***** ENTRIES PROVIDED
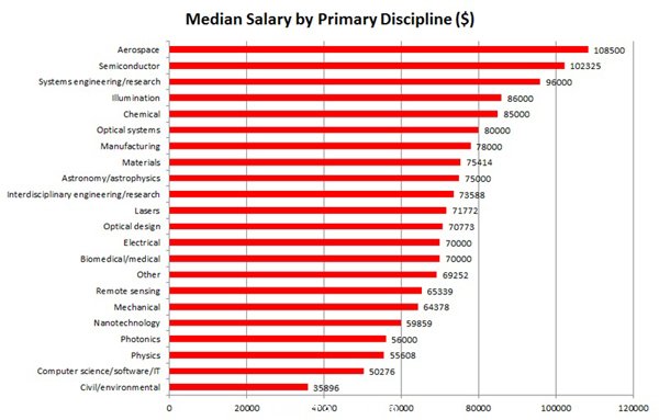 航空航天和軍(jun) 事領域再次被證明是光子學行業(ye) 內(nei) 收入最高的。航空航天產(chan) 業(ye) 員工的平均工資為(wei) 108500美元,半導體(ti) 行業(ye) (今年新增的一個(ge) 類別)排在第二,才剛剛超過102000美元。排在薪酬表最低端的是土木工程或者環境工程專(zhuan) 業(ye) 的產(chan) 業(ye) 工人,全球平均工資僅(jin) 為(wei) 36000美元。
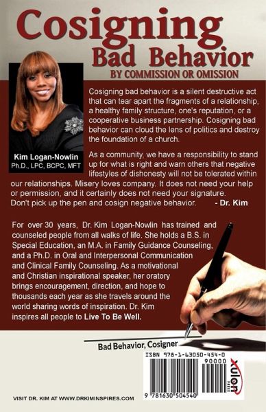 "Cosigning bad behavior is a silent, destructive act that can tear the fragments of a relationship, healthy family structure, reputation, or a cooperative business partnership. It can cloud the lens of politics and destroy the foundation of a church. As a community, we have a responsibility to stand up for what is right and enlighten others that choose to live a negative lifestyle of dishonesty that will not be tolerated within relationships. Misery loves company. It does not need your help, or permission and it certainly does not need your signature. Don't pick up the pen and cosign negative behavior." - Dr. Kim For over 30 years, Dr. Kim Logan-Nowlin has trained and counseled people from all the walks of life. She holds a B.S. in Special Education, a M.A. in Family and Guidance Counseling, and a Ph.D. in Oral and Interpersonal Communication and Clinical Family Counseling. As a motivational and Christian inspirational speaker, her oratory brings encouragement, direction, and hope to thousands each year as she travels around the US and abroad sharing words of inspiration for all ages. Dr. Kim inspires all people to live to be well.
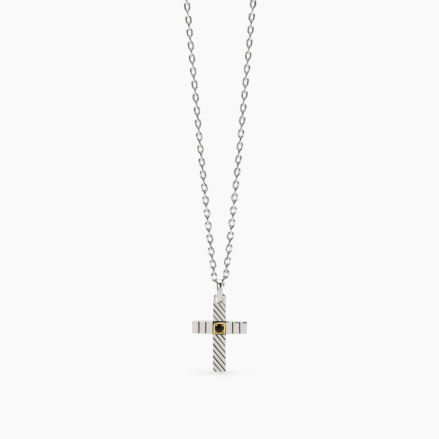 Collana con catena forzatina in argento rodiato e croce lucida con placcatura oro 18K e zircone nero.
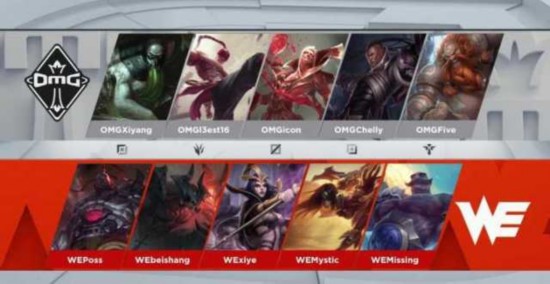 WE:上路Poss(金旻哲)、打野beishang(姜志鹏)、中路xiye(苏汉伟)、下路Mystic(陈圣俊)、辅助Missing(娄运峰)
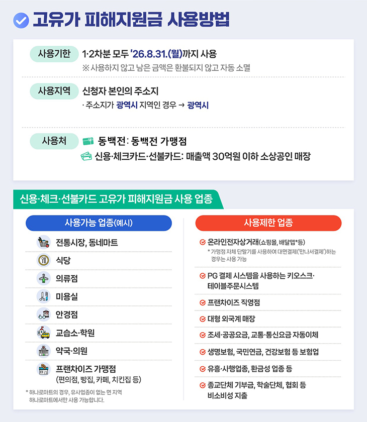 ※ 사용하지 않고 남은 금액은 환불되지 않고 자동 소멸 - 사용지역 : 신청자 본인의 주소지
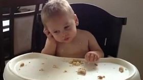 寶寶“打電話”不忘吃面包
**********
- _DIRECTIONS FOR THIS TASK_
Nothing but the lines above from the one that has "to be well." down to the one that has "WE:上路Poss(金旻哲)" belongs in the answer, copied exactly, without pictures.

- _EXERCISE RESPONSE_
 "Cosigning bad behavior is a silent, destructive act that can tear the fragments of a relationship, healthy family structure, reputation, or a cooperative business partnership. It can cloud the lens of politics and destroy the foundation of a church. As a community, we have a responsibility to stand up for what is right and enlighten others that choose to live a negative lifestyle of dishonesty that will not be tolerated within relationships. Misery loves company. It does not need your help, or permission and it certainly does not need your signature. Don't pick up the pen and cosign negative behavior." - Dr. Kim For over 30 years, Dr. Kim Logan-Nowlin has trained and counseled people from all the walks of life. She holds a B.S. in Special Education, a M.A. in Family and Guidance Counseling, and a Ph.D. in Oral and Interpersonal Communication and Clinical Family Counseling. As a motivational and Christian inspirational speaker, her oratory brings encouragement, direction, and hope to thousands each year as she travels around the US and abroad sharing words of inspiration for all ages. Dr. Kim inspires all people to live to be well.
 Collana con catena forzatina in argento rodiato e croce lucida con placcatura oro 18K e zircone nero.
 WE:上路Poss(金旻哲)、打野beishang(姜志鹏)、中路xiye(苏汉伟)、下路Mystic(陈圣俊)、辅助Missing(娄运峰)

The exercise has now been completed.